Small physician practices have mostly disappeared. Many wonder if patients will be able to find the care they need. Many have to wait months to get to see an actual doctor or have a needed surgery. With the budgetary pressures on our nation, many worry how this will impact end-of-life care for the vulnerable.

Through the years, many people have called many other patient advocacy organizations, pleading for help, and reporting problems they have encountered. They tell us about the failures of hospitals and hospice agencies to provide services as needed. They report that the staff prevented them from giving food or water to their loved one when he or she could still take them in and benefit from them. They sometimes report that their loved one was literally killed in a health care setting by overdoses of opioid medications that were not needed at all. We have listened and carefully thought about the depth of the problems. And now the problem has hit home for the founders with their mother.

Through the years, the accounts given by these family members have been and continue to be eerily similar. When family members recount what hospice staff said to them, the language and phrases used have often been exactly the same, the actions taken exactly the same, and the outcome — an untimely, hastened death — exactly the same. The reason? The staff at different agencies across the country are being trained in the same way, and the actions taken are quite contrary to what the patient and family expected or to the original life-affirming mission. The services and treatment provided are not what the American people have come to expect from hospice.

Those who report to us are not all uneducated in the ways of medicine and health care. Many of those who call in are themselves physicians, nurses, social workers, ministers and lawyers. Yet, even with their training, some of these are still unable to resolve problems encountered or to even prevent the hastened death of their own family member.

Those who are quite familiar with the standards of care in health care are often surprised at the wanton disregard for adherence to the standards by some hospice agencies and staff. They often cannot believe that the violation of the standards could ever be so knowingly and willfully done. This is not to say that all hospice and palliative care units violate standards. Certainly not! But, there are too many that do, and there is a reason for it. There is a reason why government regulators surprisingly do nothing about it as well. Healthcare corporations, hospitals, nursing homes, and physicians' groups have strong lobbying organizations and regularly contribute to the politicians' re-election campaigns. The industry is protected from vigorous enforcement of the law and regulations. In addition, the federal and state governments save billions each year when the elderly, disabled, chronically-ill, and even the unwanted newly born, are medically killed. Yes, it's shocking, but all of this is absolutely happening today.

The creation of our group is outreach to the public and is designed to bypass the media and government censorship, and that's how we have continued to work, to get information out to the people directly and to work individually with them as problems arise. Those who need information are getting it because of what we provide.

It is strange that of the thousands of websites maintained by all the hospice agencies, ours is the only one that has all the standards of care and laws set out for the public to access easily, along with easily understood explanations of what should be expected. Yet, it simply confirms what I noticed back in 1997: there was no place for the public to get complete information about what is going on in hospice and palliative care, what the standards of care are, what to do when problems arise, and what others are experiencing in this largely unregulated niche of health care. Except for our organization, there still is no place for the public to get complete access to the standards of care with easily understood explanations, honest information about what problems do exist, and what can be done about them.
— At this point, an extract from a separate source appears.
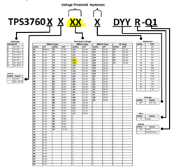Looking for voltage detectors, 12.0 and 12.4 volts. having trouble coming up with correct part numbers in tps3760 or maybe I'm not understanding something about the numbering system. Can I get some help, please.

Why should the realities be hidden from the patients and families that end up using these services? In 2019, about 48% of all Medicare patients now die while in hospice. The public certainly has a right to know what is really occurring! Why do the media's editors censor the truth so people are repeatedly blind-sided and taken by surprise when their loved one is medically killed in a hospice, hospital or nursing home? Why do they censor 100% of the letters to the editor complaining about the treatment their loved one received in a hospice setting? Yes, I know that if you've had a positive experience with hospitals, hospice and palliative care, you may be shocked and upset to read this, but just because you had a positive experience does not mean that all others will as well.

You might conclude that we are against hospice and palliative care, but that would be completely untrue. We care very much about the field of end-of-life care and have the greatest respect for those who work in this field and dedicate themselves to affirm the value of each patient's life, and to relieve suffering while allowing a death in its own natural timing. But it is up to a patient and if they are in pain. No one else should have this choice. We've worked hard to encourage the highest standards in end-of-life care and have worked with many in the field through the years. Yet, we believe that it's important for the public to know the hidden truth about end-of-life care as well, because each of us will be confronted with these issues sooner or later.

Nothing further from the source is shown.